Unser Mittsommerbaum steht auf der Quellwiese hinter Södermans Wiese, und als wir hinkamen, Märta und ich, hatte es angefangen zu regnen. O doch, es war ja schließlich Mittsommerabend, und das Wetter konnte Märta nicht bestimmen. Aber ihre Hausfrauen versammelten sich tapfer unter ihren Regenschirmen und sangen trotzdem getreulich: »Ich schaukle auf höchstem Zweige von Harjulas höchstem Berg.« Und ich merkte, daß das auch auf mich paßte, ich schaukelte auf dem höchsten Zweig und sah, daß die Erde lieblich war und der Himmel schön, obwohl es regnete. Aber oh, erhöre des kleinen Vogels Gebet, und laß es zum Abend aufklaren, denn hier ist ein kleiner Vogel, der gern auf dem Anleger tanzen möchte!
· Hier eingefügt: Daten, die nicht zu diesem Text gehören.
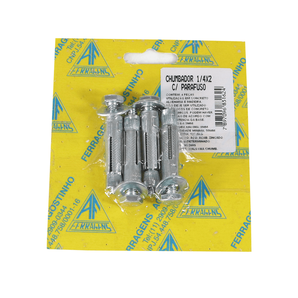 O Chumbador CBA 1/4X2" Com Parafauso 4 Peças Ferragens Agostinho é o produto ideal para seu projeto.

Das durfte ich auch. Aber bevor es soweit war, passierte noch eine ganze Menge, und die Wäscheleine zwischen den Apfelbäumen hängte sich beinahe durch. Denn hier hingen schließlich außer Pelles Hemd und Jackett und Hose auch ein Hemd von Krister, ferner Papas Hemd und Hose, ferner Johanns Hemd und Hose. Ich weiß nicht, was Niklas' Hose verbrochen hatte, die gestern den ganzen Tag nicht hat baden dürfen, wo es doch alle anderen Hosen durften; aber das Leben ist nun einmal voller Ungerechtigkeiten.
Kristers Hemd hatte nicht gebadet. Das hatte ich für ihn gewaschen. Er war beim Eierlaufen hingefallen und auf dem Bauch im Gras gelandet, genau da, wo Papa eine Sekunde vorher sein Ei hatte fallen lassen.
»Man kann nicht den ganzen Mittsommerabend mit einem weichgekochten Ei auf der Brust rumlaufen«, sagte Papa. Und gutmütig, wie er ist, ging er nach Hause und holte eins von seinen Hemden für Krister. »Danke«, sagte Krister, »ich geh inzwischen baden.«
Johann und Niklas und die Grankvist-Amazonen standen dabei und feixten. Niemand kann behaupten, daß sie wegen Kristers Mißgeschick mit dem Ei besonders unglücklich waren.